Rome — The clergy sexual abuse survivor who the Vatican has said will be taking a leave of absence as a member of Pope Francis' commission to confront the abuse crisis says he did not accept such a leave and is now seeking a meeting with the pontiff.
"I have not left and I am not leaving my position on the commission," said British children's advocate Peter Saunders. "I was appointed by His Holiness Pope Francis and I will only talk to him about my position."
Saunders was speaking in a press briefing in Rome late Saturday, after the Vatican released a statement that day saying "it was decided" by the Pontifical Commission for the Protection of Minors that he would be taking a leave from his position as one of its 17 members.
The British child advocate is the founder of the UK's National Association for People Abused in Childhood. He has served on the commission since December 2014 but has also been highly critical of what he characterized as a slow process of reform of the church's practices on sexual abuse.
The commission has been meeting in Rome this weekend.
Saunders said Saturday that commission members had taken a vote of no confidence in him that morning, but had said the vote was meant for him "to consider what my role should be with the commission."
"I did not make a decision to take or accept any decision on a leave of absence," he said. Saunders said it was his understanding that after the vote he would be given time to consider his role with the group, but that afterwards the Vatican released the statement reporting his leave of absence.
"My understanding is that I was appointed by Pope Francis and therefore I can only be removed by Pope Francis," said Saunders, saying he had requested that commission president Boston Cardinal Sean O'Malley request a meeting between Saunders and the pontiff.
"I left the building this morning hoping to have some peace and a bit of time to think about my next move," said the children's advocate. "I am still a commission member. I was totally unprepared for somebody from the commission ringing a member of the press and subsequently a statement being put out."
The vote taken Saturday was 15-0 in favor of the no confidence motion in him, said Saunders, with one commission member abstaining and another not present to take part. While Saunders said the Saturday vote was done by a show of hands, he said he did not take note of the commission member who abstained.

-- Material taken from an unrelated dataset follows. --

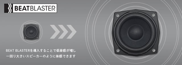 「BEAT BLASTER」は最適な音響バランスの倍音を付加することで、音質を損なうことなく 低域を増強するというパイオニアの独自機能
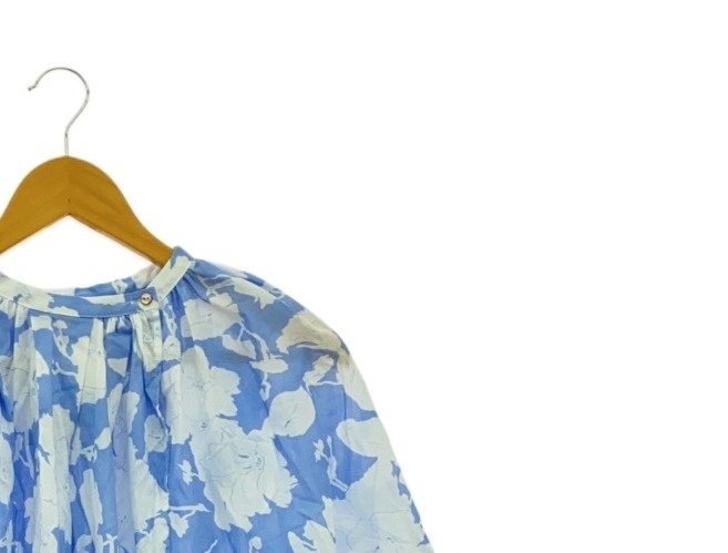 【入荷】MIZUIRO IND 半袖シャツ サイズ不明(表記なし) FLOUR PRINT BALLOON PO S/S SHIRT 花柄 BLUE/WHITE

The children's advocate said that before the vote commission members expressed a concern that he speaks too frequently to members of the press and does not "toe the line when it comes to keeping my mouth shut."
When he joined the commission in December 2014, said Saunders, he said he had told commission members he would not be part of a "public relations exercise."
"The protection of our children is much more important than that," he said.
Another commission member, who requested to remain anonymous because of the sensitivity of the matter, hotly contested Saunders remarks. "We are deeply dedicated to the protection of children," said that person. "It's not a public relations exercise."
Commission members had in the past raised concerns about Saunder's comments on individual cases of clergy sexual abuse, saying the group was created to discuss issues of overall church policy and not to address individual cases.
The British children's advocate had commented most on Francis' appointment of Osorno, Chile Bishop Juan Barros, who sexual abuse survivors say covered up sexual abuse by clergy when he was a priest years ago.
At his press conference Saturday, Saunders spoke alongside Juan Carlos Cruz, a native Chilean who has claimed Barros saw his own abuse years ago by another priest and did not adequately report it.
Saunders said he wanted to try to bring Cruz to speak to the commission on the situation in Chile.
In a statement Saturday, O'Malley said the group's members had asked Saunders to advise them on possibly creating a victim/survivor panel to help with their work.
Besides Saunders, there is one other abuse survivor among the commission's members: Irish laywoman Marie Collins.